Brother Clarke nudged me, and I got up. Nervously, I spit it out. “I started in football. Then I got knocked out and went to sick bay. Then I went to baseball. Then I went to sick bay. Then I spent a long time in wrestling, a little more time in sick bay... then I golfed, which put me
really
in sick bay; then I got Religion Sector.”
That brought the big reaction. When I bottomed out with the Religion Sector, the heartfelt moans that were directed my way—even from the Brothers—even made
me
get all choked up for the poor sap we were discussing, whoever he was. Heads shook, the hands were raised to cover mouths, as if what I’d really said was “and
then
the big one held me while the little one pistol whipped me. And
then
...” We were all on the brink of tears.
“It’s been a long road, hasn’t it, son?” Brother Fox said. “What is your name?”
“Bishop, Brother.”
“Well, Bishy—”
Brother Clarke started waving his arms at Brother Fox. “Ix-nay on the ishy-Bay,” he said, kindly.
“Well, Mr. Bishop,” Brother Fox said, pausing for emphasis and looking all around the room to include all the sad sacks. “That shit’s history. You’re artists now.”
There was a round of laughs and applause as everyone stood.
“Whoever wants to do performance, drama, music, follow Brother Crudelle that way,” he announced, and three guys walked out behind the Brother who looked like Jesus only skinnier. “Those of you who want to try painting, drawing, sculpting, or other visual arts, go with Brother Mattus.” Half the group got up and followed after Mattus, who looked like a cross between Santa Claus and Rasputin. “Those of you interested in exploring print-making, textile art, mixed media, abstract art, experimental art, and the study of art history will be coming with me.” There were six of us left, obviously the six who had no idea what we wanted and were waiting to be struck by something. “And the last group, going with Brother Percy, will be those interested in poetry and prose.”
Well that decided it. The other five fence sitters hurried to line up behind Brother Fox.

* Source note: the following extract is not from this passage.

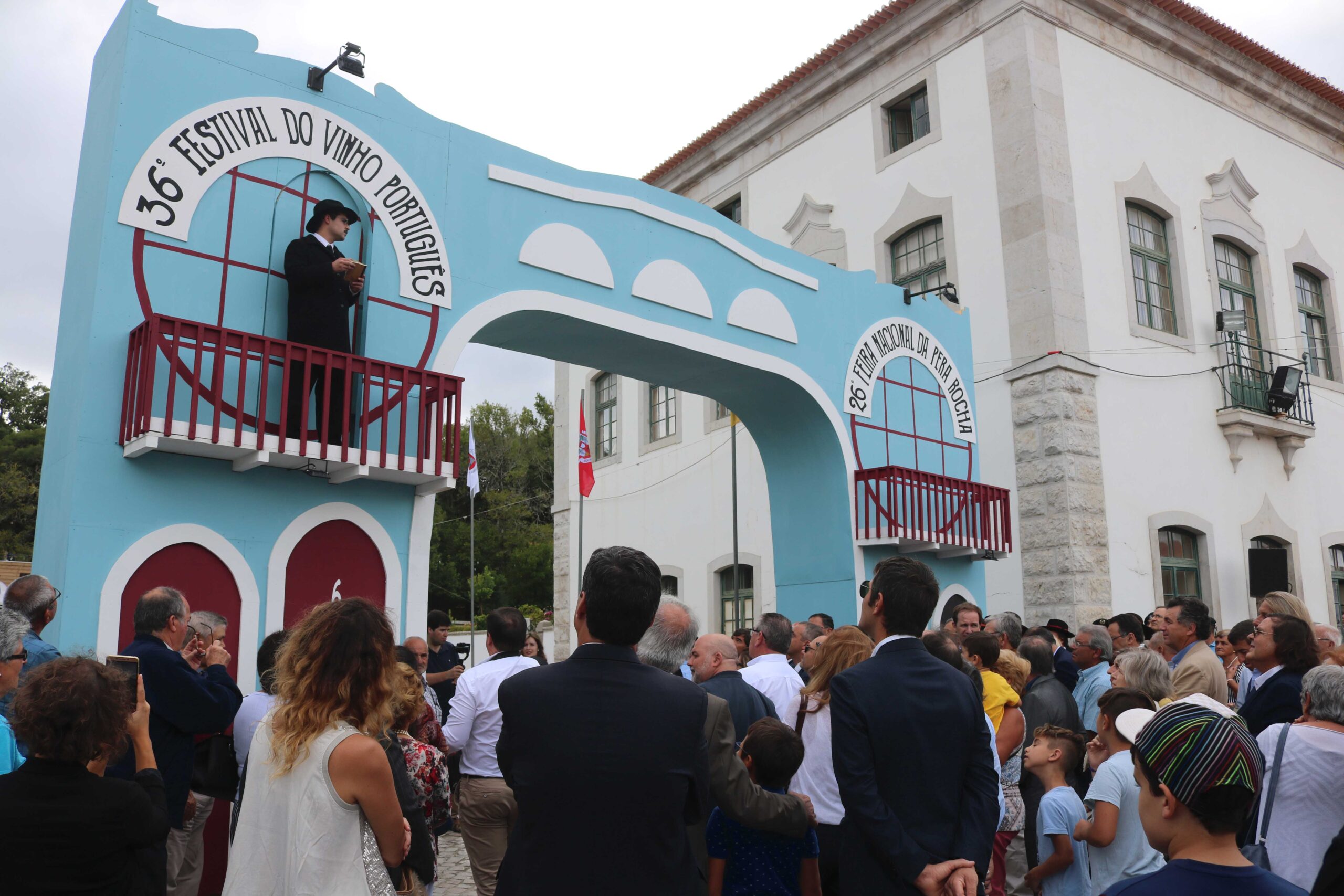 O festival do vinho e da pêra rocha decorre até domingo, 11 de Agosto, sendo dedicado ao importante empresário do sector vinícola, Abel Pereira da Fonseca, que fundou no séc. XX a Companhia Agrícola do Sanguinhal. A fachada de um dos armazéns que Abel Pereira da Fonseca detinha em Lisboa inspira a entrada do certame.

Myself, I remained. Like the moment before, and the year before. Undecided. Unclear. Unmoved. Unattracted. Paralyzed with the depth of my own nothingness. I made my decision the way I made all my decisions. By sitting passively.
Brother Percy walked up to me, chuckling. The last of the last were filing out of the room as he sat backward on the chair in front of me. “You don’t know it yet,” he said, “but we are an elite class, you and I. After sifting and sifting, weeding and sorting, picking and cleaning, and sifting again, out of the bottom of the sieve drops only the finest grain of all.”
I looked at him, leaning closer, to try and see if he was for real. I couldn’t tell.
“The dregs, you mean,” I said.
He stood up over me, a medium-built six one, with prematurely silver collarbone-length hair. “Son,” he said with a generous face, extending a hand for me to shake, “I perceive in you a problem of perspective.”
I shook his hand and he tugged me up out of the chair.
“What if I
hate
poetry?” I asked as he led me out with his arm around my shoulders. I figured I’d break it to him in stages that I did, in fact, hate poetry already.
“Then you move on,” he said, shrugging. “You are not tied to any one art while you’re here. Everyone is welcome to float from one area to another if he likes, and every year most of the fellows do. In fact, I insist you do.”
“What if I don’t
want
to?” I snapped, out of reflex. My wick was burning down quickly in the last days of camp.
“Ah, a bona fide contrarian. This is going to be a pleasure. A
pleasure
,” he said.
“But look at them,” I said, making a sweeping gesture with my hand over the main room of the library. It was already abuzz with eager rookie artists making a lunatic formless cheery colorful mess of the place. Santa’s workshop merged with
One Flew Over the Cuckoo’s Nest
. “They’re all geeks. They’re all mental.”